Fondé en 1982 en réaction à l’invasion israélienne, le Hezbollah (Parti de Dieu) est un mouvement politique et militaire chiite libanais, soutenu par l’Iran et la Syrie.

Son guide spirituel est alors le cheikh Mohammad Hussein Fadlallah et ses objectifs déclarés l’extension de la révolution iranienne et la création d’un état islamique au Liban. Il y a officiellement renoncé aujourd’hui.

Les premières actions armées qui lui sont imputées datent de 1983 et les victimes en sont alors des militaires occidentaux présents au Liban : attentat contre une patrouille française ; attentats-suicides contre la force multinationale d’interposition causant 248 morts américains et 58 français. On lui prête par la suite différentes prises d’otages de civils étrangers, dont celles du journaliste français Jean-Paul Kaufmann (libéré au bout de trois ans) et du chercheur Michel Seurat, décédé en captivité. On l’accuse enfin d’avoir organisé en 1986, par l’intermédiaire d’une organisation-paravent (le CSPPAC) et pour le compte de l’Iran, différents attentats en France dont celui de la rue de Rennes à Paris (7 morts et une soixantaine de blessés).

Le Hezbollah n’a jamais revendiqué ni reconnu explicitement ces différents actes, qui ont également pu faire l’objet de différends en son sein. Ils lui ont en tout cas valu durablement la qualification en occident de groupe terroriste international.
 
"LA RÉSISTANCE"

A partir des années 1990, le Parti de Dieu étend son influence civile dans les zones chiites et recentre son activité militaire contre l’ennemi principal : Israël qui occupe toujours une partie du pays.

Alors que les accords de Taef (1989) qui marquent la fin de la guerre civile prévoient le désarmement de toutes les milices, le Hezbollah, lui, conserve sa branche et son activité militaires au nom de la lutte contre l’occupant contre lequel il mène une guérilla de harcèlement.

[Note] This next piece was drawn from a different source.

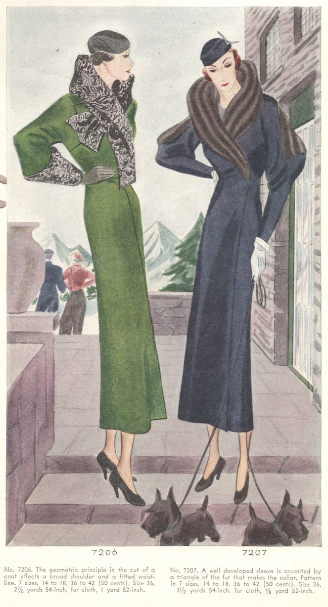 Thirties patterns show many creative uses of fur trim. These two ca. 1933 coats both call for fur cloth accents. McCall 7206 has an attached scarf and contrast lower sleeves, shown in synthetic Persian lamb, while McCall 7207 has a deep fur collar and matching, triangular sleeve patches: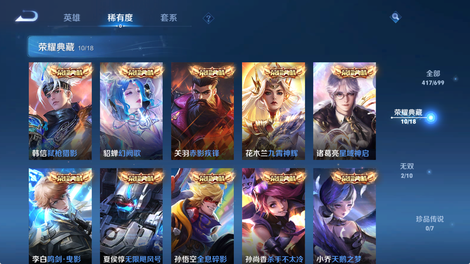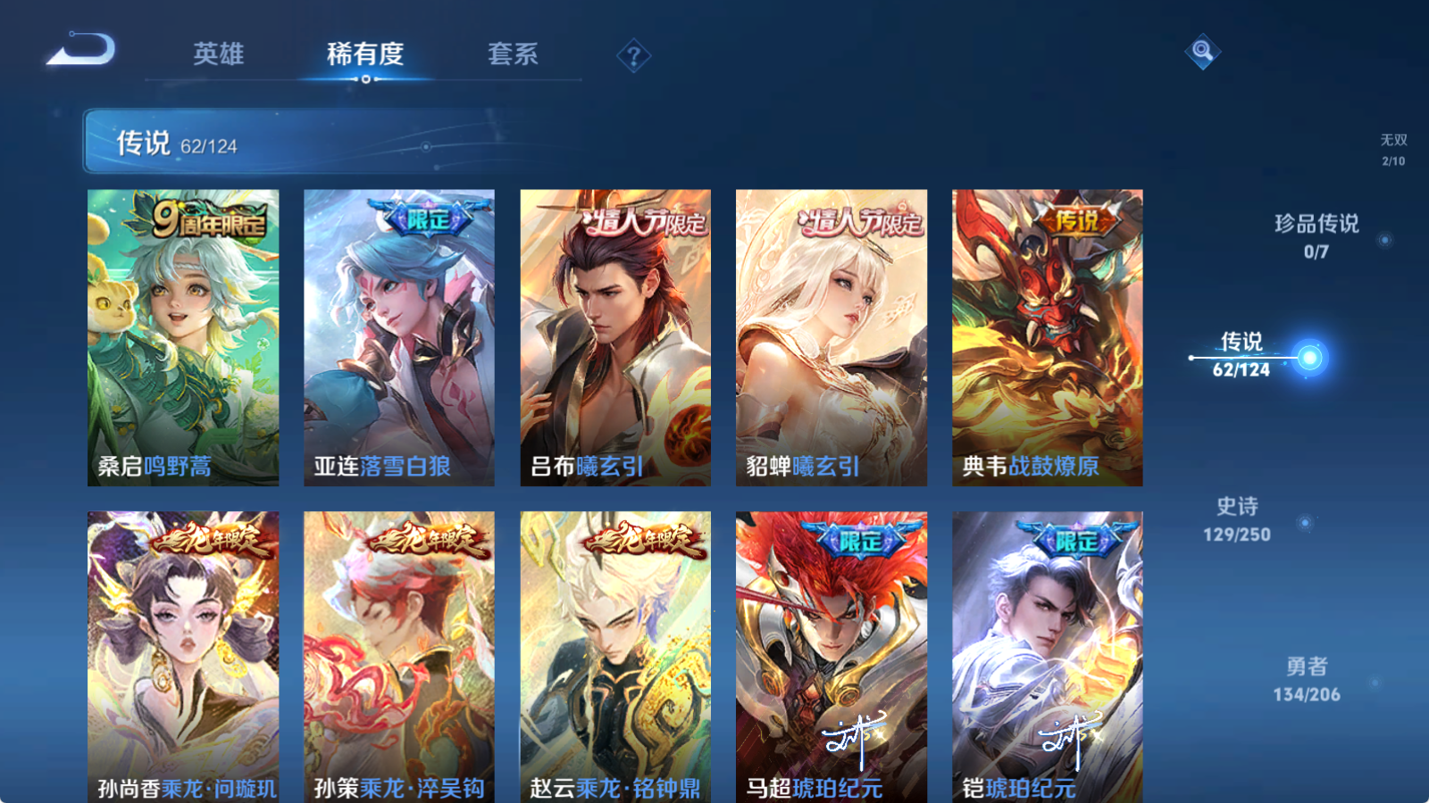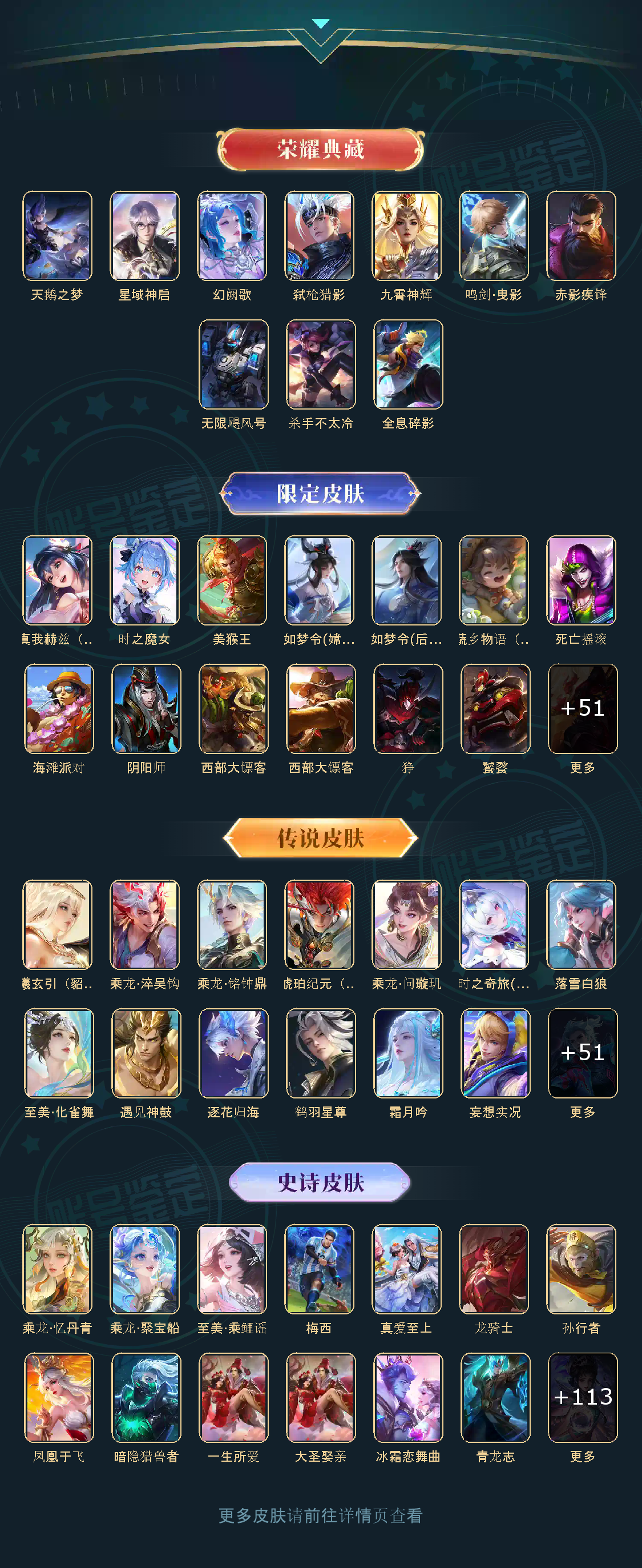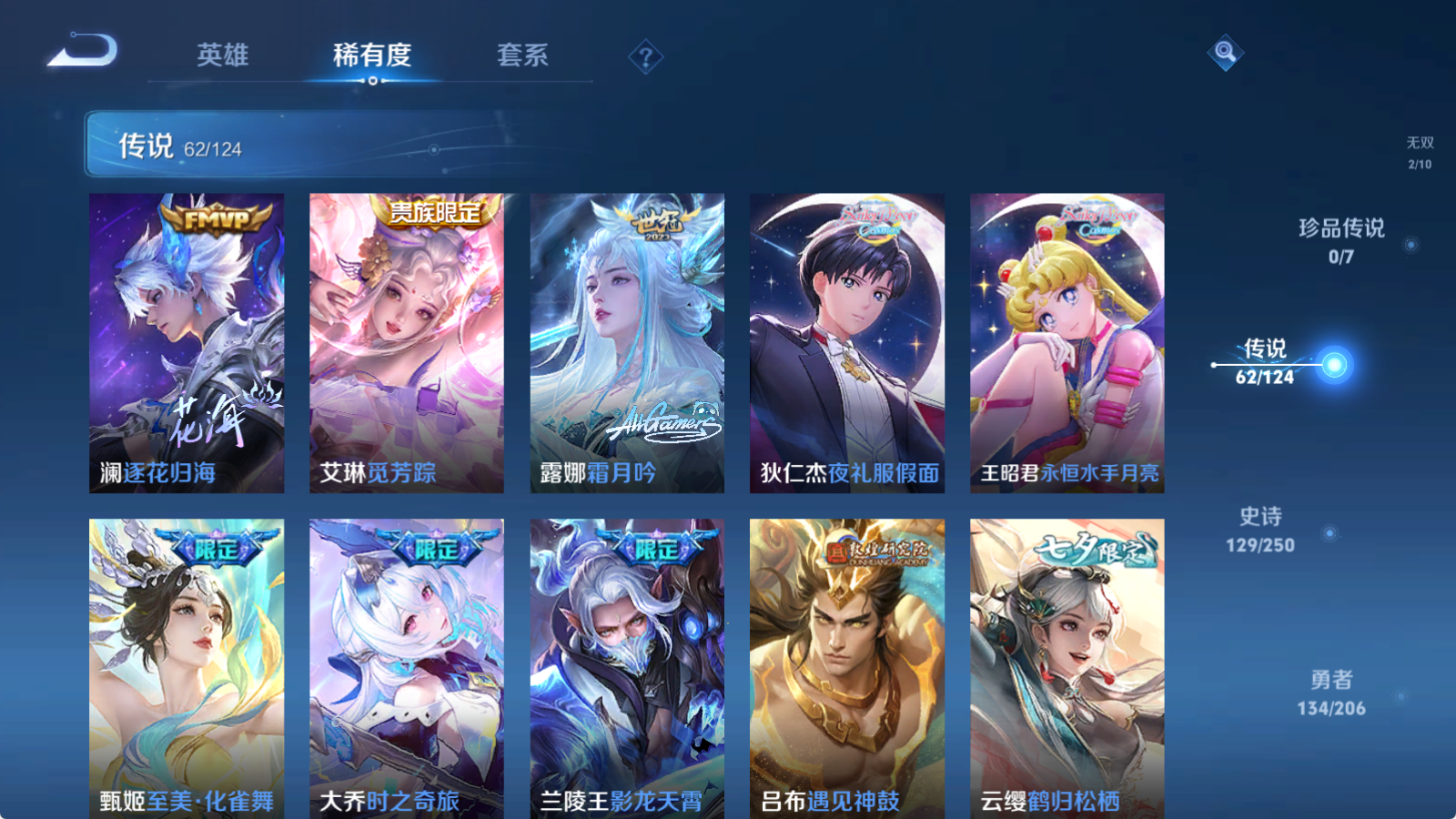 贵族等级V10,英雄数量124,典藏皮肤数10,皮肤数量417,天鹅之梦/杀手不太冷/无限飓风号/全息碎影/鸣剑·曳影/星域神启

Ce rôle –ainsi qu’une action sociale dans des zones désertées par l’État - lui vaut un certain prestige au-delà des populations Chiites.

Toujours « Organisation terroriste » en Occident il est au Liban « la Résistance » et y bénéficie souvent d’un certain respect jusque parmi ses adversaires idéologiques.


SUCCÈS MILITAIRES

Même s’il n’en est pas la seule cause, le retrait d’Israël du Sud-Liban en juin 2000 sonne pour lui comme une victoire. Il prend de facto le contrôle de ce territoire sans exercer contre les collaborateurs de la veille (notamment l’ALS, milice chrétienne supplétive d’Israël) les représailles qu’ils pouvaient craindre.

La question de son désarmement et de son intégration à la vie civile libanaise se repose alors. La majeure partie de la classe politique libanaise le réclame, agacée par cet État dans l’État – qui contrôle outre le Sud du pays la banlieue sud de Beyrouth, Baalbek et diverses localités et territoires - ou redoutant ses intentions.
 
Manifestation du Hezbollah en 2008 (AFP)
Manifestation du Hezbollah en 2008 (AFP)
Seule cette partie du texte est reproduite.